Considering the data volume in the PDB archive as well as its rapid growth, it is useful to compress the data in DB2. This reduces the storage consumption and improves performance. Although compression and decompression in DB2 consumes some additional CPU cycles, compression also reduces the number of physical I/O operations necessary to read a certain amount of data from disk. Furthermore, compressed pages of a DB2 table space remain compressed in the DB2 buffer pool in main memory. As a result, compression allows more data to be in memory than without compression, which increases the buffer-pool hit ratio and makes higher utilization of the available memory. We found that the I/O and memory benefits of compression outweigh the additional CPU cost and lead to overall higher performance.

The following commands in Listing 5 were used to compress both tables.
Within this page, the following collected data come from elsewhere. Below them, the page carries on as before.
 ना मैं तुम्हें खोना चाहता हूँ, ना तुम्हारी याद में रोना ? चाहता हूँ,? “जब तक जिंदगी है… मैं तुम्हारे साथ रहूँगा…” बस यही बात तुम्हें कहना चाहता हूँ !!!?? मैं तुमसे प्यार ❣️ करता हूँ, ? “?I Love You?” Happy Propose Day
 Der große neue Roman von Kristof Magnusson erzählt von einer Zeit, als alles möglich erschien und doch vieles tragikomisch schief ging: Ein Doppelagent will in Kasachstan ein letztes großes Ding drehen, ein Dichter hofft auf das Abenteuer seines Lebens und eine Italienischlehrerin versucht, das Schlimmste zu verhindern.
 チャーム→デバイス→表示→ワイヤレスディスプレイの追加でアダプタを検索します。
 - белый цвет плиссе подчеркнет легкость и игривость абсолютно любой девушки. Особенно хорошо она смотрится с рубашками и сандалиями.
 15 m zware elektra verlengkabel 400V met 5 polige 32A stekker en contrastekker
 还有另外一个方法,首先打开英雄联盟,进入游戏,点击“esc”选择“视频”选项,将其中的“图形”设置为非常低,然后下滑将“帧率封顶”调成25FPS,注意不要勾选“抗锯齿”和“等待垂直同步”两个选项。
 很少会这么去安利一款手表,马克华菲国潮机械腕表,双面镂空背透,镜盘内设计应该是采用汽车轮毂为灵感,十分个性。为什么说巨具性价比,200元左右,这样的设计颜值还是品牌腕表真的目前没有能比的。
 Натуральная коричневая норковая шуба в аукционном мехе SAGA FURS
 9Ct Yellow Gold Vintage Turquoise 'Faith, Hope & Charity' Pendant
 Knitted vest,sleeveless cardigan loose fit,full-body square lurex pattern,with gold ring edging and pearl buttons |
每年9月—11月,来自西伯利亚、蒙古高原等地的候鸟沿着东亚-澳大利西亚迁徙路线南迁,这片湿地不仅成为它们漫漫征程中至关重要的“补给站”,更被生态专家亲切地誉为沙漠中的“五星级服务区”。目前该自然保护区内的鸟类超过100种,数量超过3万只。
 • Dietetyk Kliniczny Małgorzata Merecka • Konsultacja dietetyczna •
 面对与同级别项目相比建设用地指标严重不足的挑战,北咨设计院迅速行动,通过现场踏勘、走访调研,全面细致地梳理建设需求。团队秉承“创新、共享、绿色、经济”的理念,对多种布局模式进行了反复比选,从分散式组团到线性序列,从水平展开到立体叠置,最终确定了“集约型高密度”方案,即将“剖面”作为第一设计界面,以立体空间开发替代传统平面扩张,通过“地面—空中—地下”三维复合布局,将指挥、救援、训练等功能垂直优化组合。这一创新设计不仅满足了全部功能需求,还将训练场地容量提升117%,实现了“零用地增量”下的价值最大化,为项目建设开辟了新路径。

Listing 5. Enabling compression and REORG tables
ALTER TABLE xmlrpdb.pdbxml COMPRESS YES;
REORG TABLE xmlrpdb.pdbxml LONGLOBDATA RESETDICTIONARY;

ALTER TABLE xmlrpdb.atom_site COMPRESS YES;
REORG TABLE xmlrpdb.atom_site LONGLOBDATA RESETDICTIONARY;

The reduction in space consumption is summarized in Table 1. After compression, the information contained in the 6,029 PDBML documents can be stored in 67.4 percent fewer pages (i.e., three times less space than without compression).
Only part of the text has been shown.